- Country: Ireland
- Language: English
- Genre: Short story

Publication
- Published in: Irish Homestead
- Publication type: Journal
- Media type: Print
- Publication date: 1904

Chronology
| Araby | After the Race |

= Eveline (short story) =

1904 short story by James Joyce

"Eveline" is a short story by the Irish writer James Joyce. It was first published in 1904 by the journal Irish Homestead and later featured in his 1914 collection of short stories Dubliners. It tells the story of Eveline, a teenager who plans to leave Dublin for Argentina with her "lover".

== Plot ==
A young woman, Eveline, of about nineteen years of age sits by her window, waiting to leave home. She muses on the aspects of her life that are driving her away, while "in her nostrils was the odor of dusty cretonne". Her mother has died as has her older brother Ernest. Her remaining brother, Harry, is on the road "in the church decorating business". She fears that her father will beat her as he used to beat her brothers and she has little loyalty for her sales job. She has fallen for a sailor named Frank who promises to take her with him to Buenos Aires. Before leaving to meet Frank, she hears an organ grinder outside, which reminds her of a melody that played on an organ on the day her mother died and the promise she made to her mother to look after the home. At the dock where she and Frank are ready to embark on a ship together, Eveline becomes paralyzed.
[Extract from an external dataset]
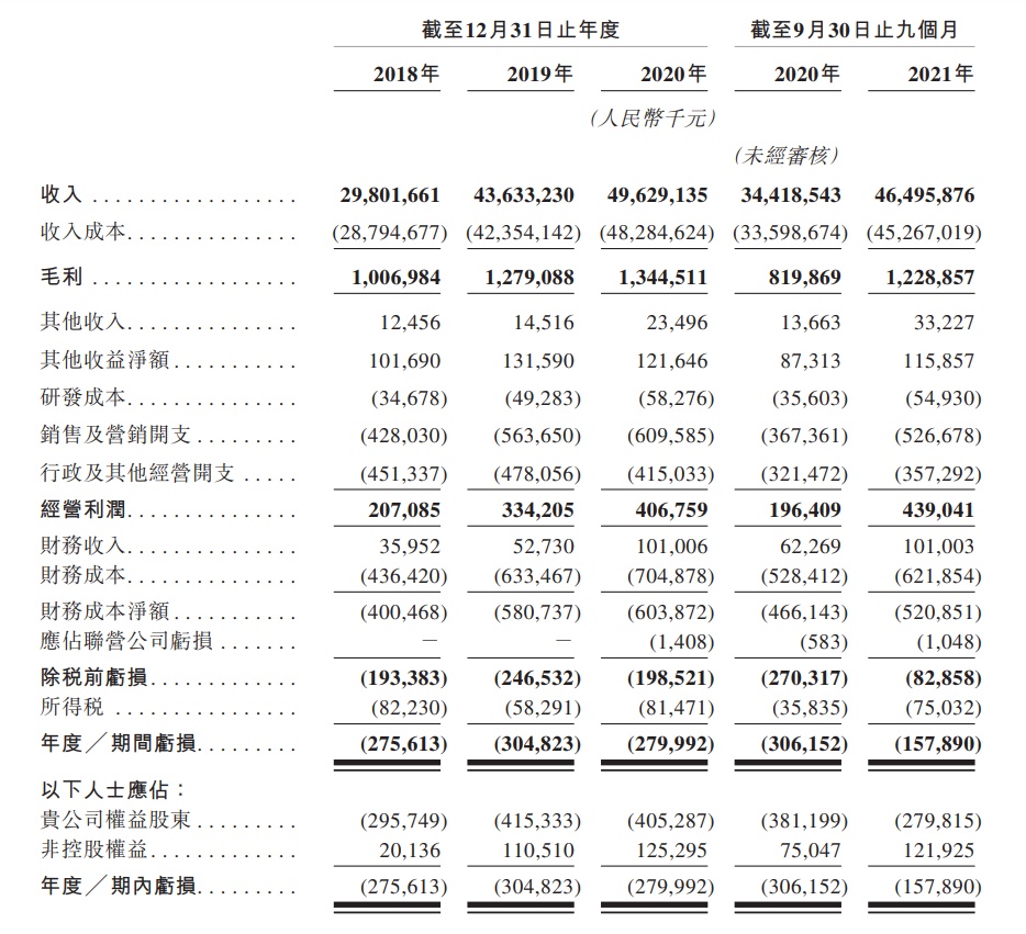 据招股书显示,汇通达收入由2018年的人民币298.017亿元增加46.4%至2019年的人民币436.332亿元,并进一步增加13.7%至2020年的人民币496.291亿元。此外,其收入由截至2020年9月30日止九个月的人民币344.185亿元增加35.1%至截至2021年9月30日止九个月的人民币464.959亿元。

When Frank is referred to as Eveline's "lover", it is only in the sense that they are romantically involved: the word didn't have its current, more clandestine meaning until the 1920s (OED).

Joyce said that his intention in writing the stories was to reveal the "paralysis" suffered by Dubliners of the period. William York Tindall finds Eveline's inability to leave Dublin with Frank to start a new life "the most nearly straightforward expression of paralysis" in the collection. Hugh Kenner finds Frank's success story improbable, his name to be ironic, and argues that his leaving Eveline alone at the dock shows he didn't intend to take her to Buenos Aires, but rather to seduce her in Liverpool, where the ship is actually headed. It has been noted that "'going to Buenos Ayres' was turn-of-the-century slang for 'taking up a life of prostitution'"; a further possible reading is that Frank does intend to bring Eveline to Buenos Aires, but not to make her his wife.